The Ending That Split the Fanbase
Without spoiling every detail, the ending of The Dead and the Gone is polarising. Some call it a miracle; others call it a "deus ex machina." Personally? I think it fits the themes of the book. Alex spent the whole story looking for a sign, for a way out, for a way to save what was left of his family.
The tragedy isn't just who died. It’s who Alex became to stay alive. By the end, he is a ghost of the boy who wanted to go to a good college.

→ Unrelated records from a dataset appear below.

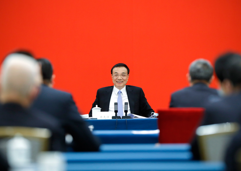 3月6日下午,中共中央政治局常委、江南平台入口 总理李克强看望出席全国政协十三届四次会议的经济界委员并参加讨论。
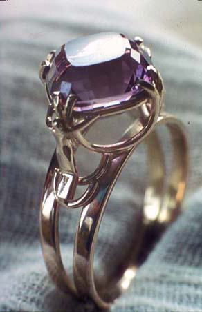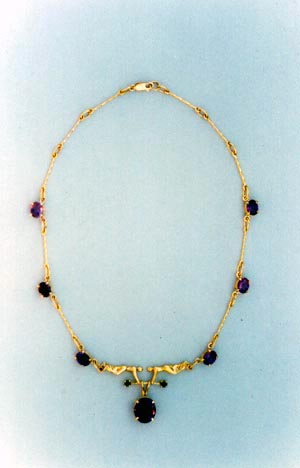 Fabricated and Cast 18 Ct Rose Gold, Amethysts, Green Garnets
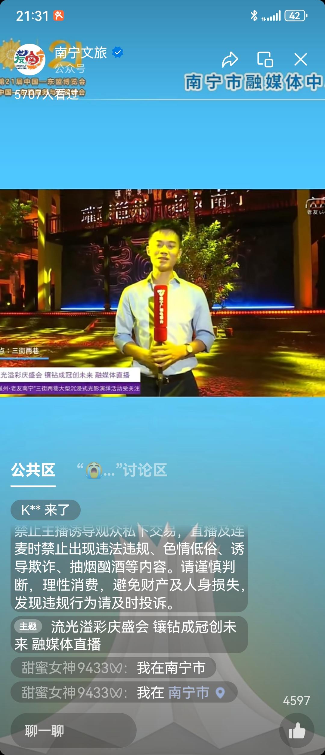南宁市融媒新媒体平台在活动期间,通过“南宁文旅”等多个官方新媒体账号,对光影演绎活动进行了4场精彩的直播联动。这些直播不仅让观众能够身临其境地感受光影的震撼与美丽,还通过互动环节增强了观众的参与感与体验感,进一步提升了活动的传播力与影响力,让“璀璨邕州·老友南宁”成为了东博会和峰会及国庆期间最耀眼的文化名片之一。在邕州古城·三街两巷的抖音账号,也分别在东博会和峰会期间和国庆节当天开通了两场直播,通过两场不同角度和主题的直播,既向广大东盟和外地游客介绍了三街两巷的参观游览路线,也着重展现了本次活动的精华演出,吸引了众多网友线上观看后,再来线下打卡。
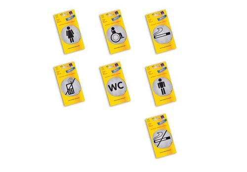Ετικέτες μεταλλικές με σήματα. Είναι κατάλληλες για χρήση τους σε γραφείο ή και καταστήματα.
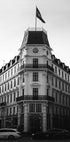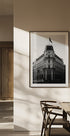 Une majestueuse photographie en noir et blanc d'un bâtiment historique de Copenhague, couronné d'un clocher et d'un élégant drapeau. Reflétant le charme européen intemporel, la façade détaillée et la grande symétrie font de cette impression une œuvre d'art murale sophistiquée pour les intérieurs inspirés par l'architecture, la culture et la vie urbaine classique.
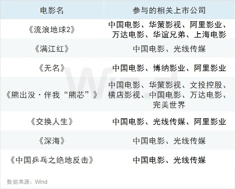 公开资料显示,以《流浪地球2》为例,该电影的制作、出品、发行方均有中国电影的身影,联合发行方有天津猫眼、上海淘票票等公司,联合出品方更是囊括阿里巴巴影业、融创未来文化娱乐、万达影视、上海华策电影、抖音文化、华谊兄弟、上海电影、保利影业、英皇电影、新浪影视、珠江电影集团等一众影视娱乐行业巨头。
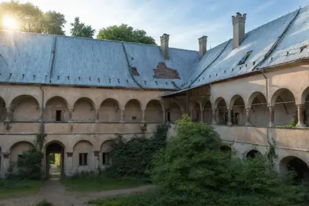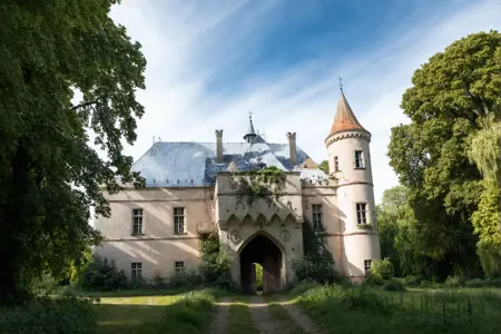 城堡为四翼建筑,配有两座角塔、一扇凸窗以及一个带有柱廊的中央庭院。部分采用擦刻技法装饰的立面由带有石制窗棂的窗户打破。文艺复兴时期的燕尾形阁楼在浪漫主义时期被降低,但在某些部位仍保留了其原始高度与细节。室内主楼梯上有一块铭文牌匾,上面绘有纹章,记录了1609年的文艺复兴重建与1816年的古典主义改建。入口大门处有阿尔贝特·埃米尔·冯·施泰格-明辛根·冯·雷勒及其妻子玛丽亚·朱迪丝·埃莱奥诺拉·欧仁妮·卢德米拉·扎莫伊斯卡的纹章,日期为1896年。内部天花板采用文艺复兴时期的十字拱顶、巴洛克式普鲁士拱顶和檐口拱顶,部分区域还可见法比翁镜面天花板,图书馆则设有木梁天花板。
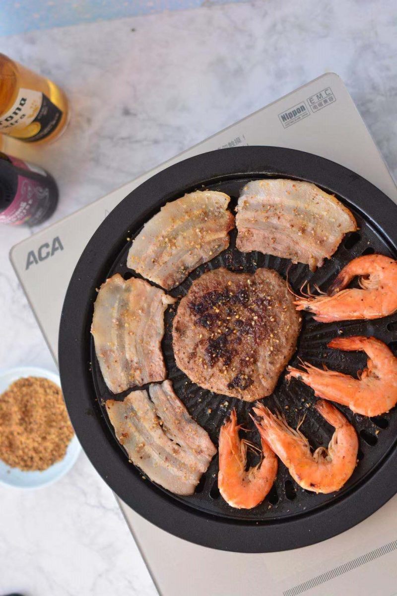 2:电陶炉上放烤肉盘,清洗干净,刷一遍油
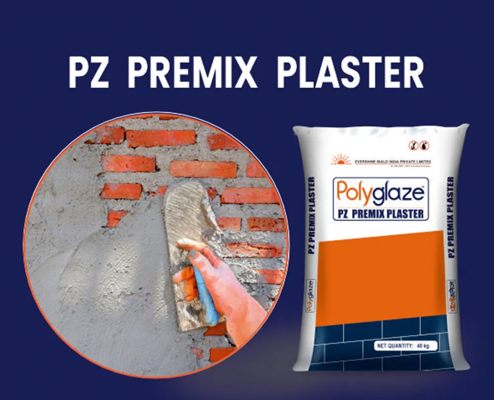 Polyglaze PZ Premix Plaster is a strong, durable, pre-mixed powder suitable for plastering over all types of old or new conventional clay bricks, fly ash bricks / blocks / Autoclaved Aerated Concrete blocks (AAC), concrete surfaces and stone walls. Being premixed with performance enhancing additives it is superior to conventional sand-cement plaster. It gives excellent adhesive strength, durability and enhances the life of subsequent product application
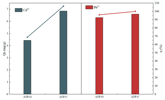 Adsorption of Cd (II) and Pb (II) by ATP-O and ATP-C.
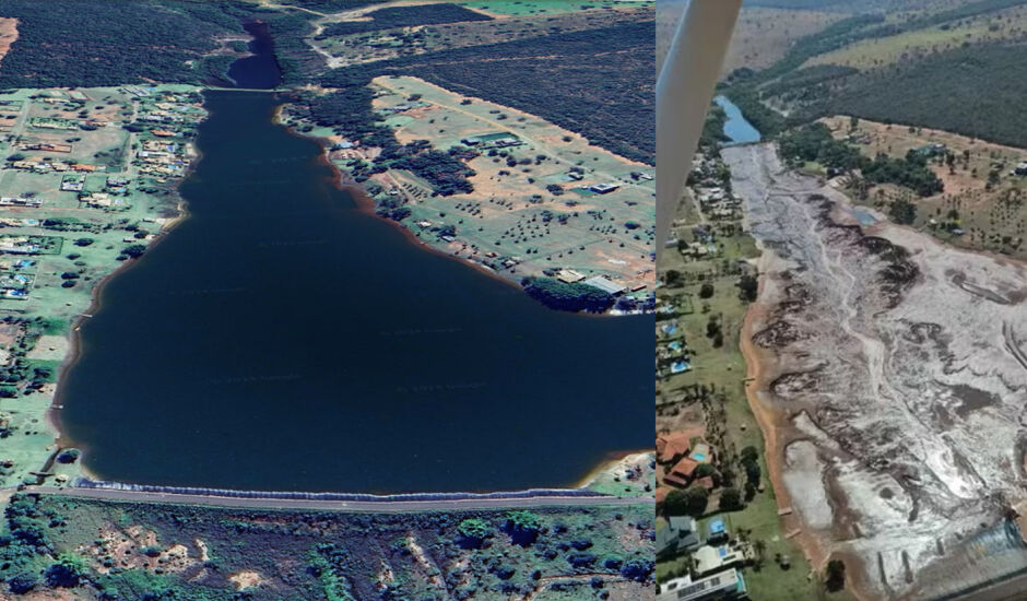 Imagem feitas de um avião mostra o antes e depois de represa se romper no condomínio de luxo Nasa Park, entre os município de Jaraguari e Campo Grande, na manhã desta terça-feira (20). A água invadiu casas e parte da BR-163. A rodovia está totalmente interditada, próximo ao km 500.

That loss of innocence is the real "gone" in the title.
How to Approach This Book Today
If you’re planning to dive into this series (The Last Survivors), don't expect a fun romp. It’s bleak. It’s "the-moon-is-trying-to-kill-us" bleak. But it’s also a masterclass in pacing and character voice. Alex’s voice is distinct—hardened but fragile.
📖 Related: Why the Cast of Hold Your Breath 2024 Makes This Dust Bowl Horror Actually Work
Actionable Insights for New Readers:
- Read them in order, but treat them as separate. Don't expect Miranda to show up. This is Alex's story.
- Pay attention to the dates. The timeline matches up with the first book. It’s fascinating to see what was happening in the city while the events in the country unfolded.
- Prepare for the emotional toll. This book deals heavily with grief, the loss of parents, and the trauma of survival. It’t not light reading.
- Look for the third book. If the ending of this one leaves you hanging, This World We Live In eventually brings the two storylines together. It’s the payoff for the misery of book two.
The Dead and the Gone remains a landmark in YA because it didn't blink. It showed that in a crisis, the city doesn't just go dark—it transforms. It challenges the reader to wonder what they would trade for a bag of rice or a gallon of water. It’s a haunting, necessary look at the fragility of our systems and the strength of the siblings who refuse to let go of each other.
To get the most out of the experience, try tracking the lunar phases mentioned in the text against a 2008 calendar. Pfeffer used real dates and days of the week, which adds an eerie layer of realism to the collapse. If you're interested in urban survival narratives, compare Alex's decisions to the real-world emergency protocols for New York City; it highlights just how quickly those plans would fall apart in a true global catastrophe.